9. An electronic device comprising a memory, a processor, and a computer program stored in the memory and executable on the processor, wherein the processor executes the computer program to implement a method for predicting live birth after intercourse guided by ovulation induction in patients with polycystic ovary syndrome, the steps being as follows: S1. Obtain basic data from multiple patients with polycystic ovary syndrome; S2. Based on the basic data of patients with polycystic ovary syndrome, a univariate Cox regression model was used to calculate and obtain multiple preliminary live birth rate predictors that may predict live birth. S3. The multiple preliminary live birth rate predictors obtained by the preliminary screening module are calculated using a multi-factor Cox regression model to obtain the final live birth rate predictors used to predict live births. S4. Construct a live birth rate prediction model using the final live birth rate prediction factors selected by the final screening module; S5. Based on the live birth rate prediction model, draw a live birth rate prediction nomogram to predict the live birth rate after ovulation induction and guided intercourse in patients with polycystic ovary syndrome.

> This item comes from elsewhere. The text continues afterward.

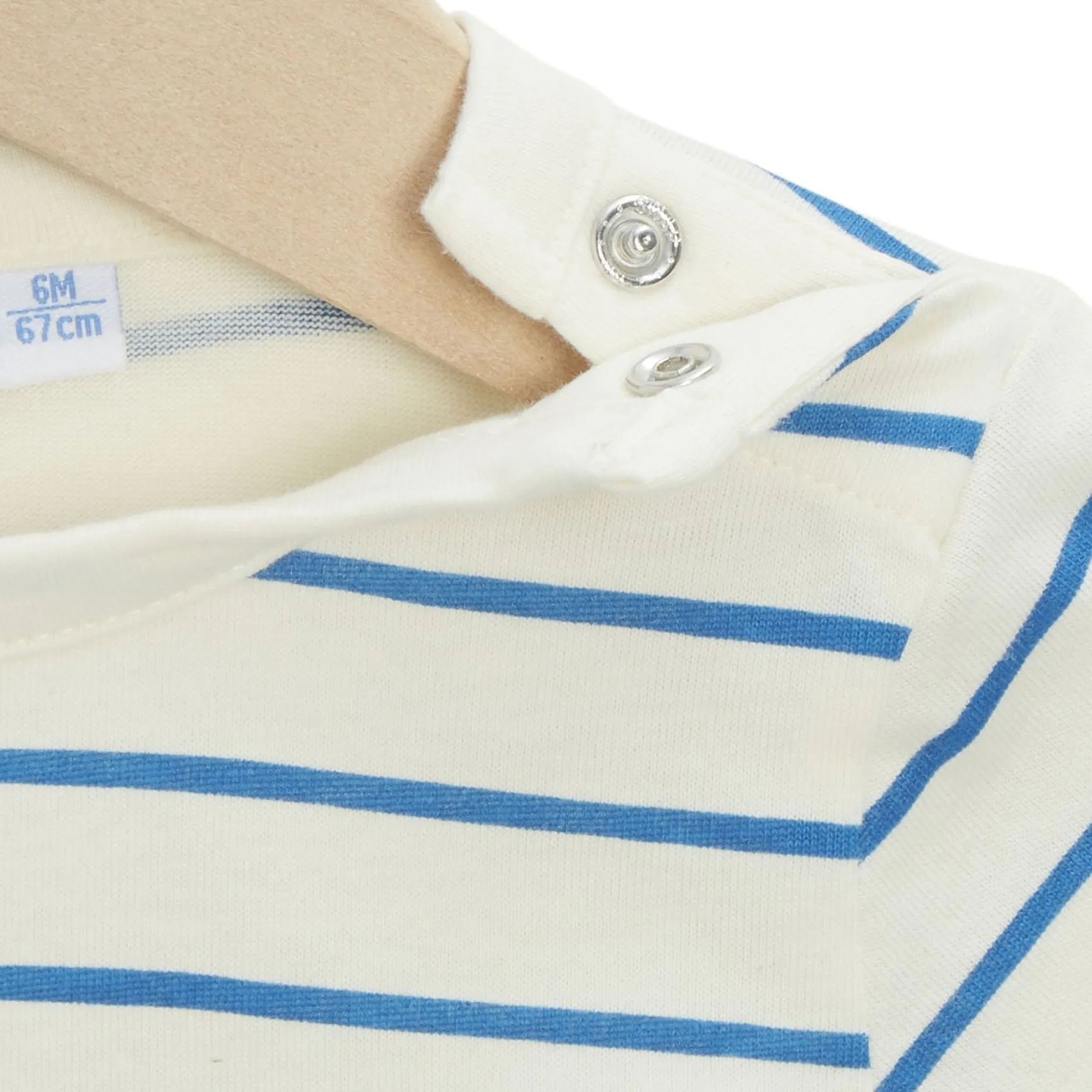 En voici une belle marinière à manches courtes pour cet été ! Votre enfant pourra la porter facilement avec un short, un pantalon ou même une salopette. L’effet est garanti ! Des boutons situés sur l’épaule facilitent le change de votre enfant. Bref, on adore ce tee-shirt pour bébé !

10. A computer-readable storage medium storing a computer program, which, when executed by a processor, implements the steps of a method for predicting live birth after intercourse guided by ovulation induction in patients with polycystic ovary syndrome, the steps being as follows: S1. Obtain basic data from multiple patients with polycystic ovary syndrome; S2. Based on the basic data of patients with polycystic ovary syndrome, a univariate Cox regression model was used to calculate and obtain multiple preliminary live birth rate predictors that may predict live birth. S3. The multiple preliminary live birth rate predictors obtained by the preliminary screening module are calculated using a multi-factor Cox regression model to obtain the final live birth rate predictors used to predict live births. S4. Construct a live birth rate prediction model using the final live birth rate prediction factors selected by the final screening module; S5. Based on the clinical pregnancy rate prediction model, a live birth rate prediction nomogram is plotted to predict the live birth rate after ovulation induction-guided intercourse in patients with polycystic ovary syndrome.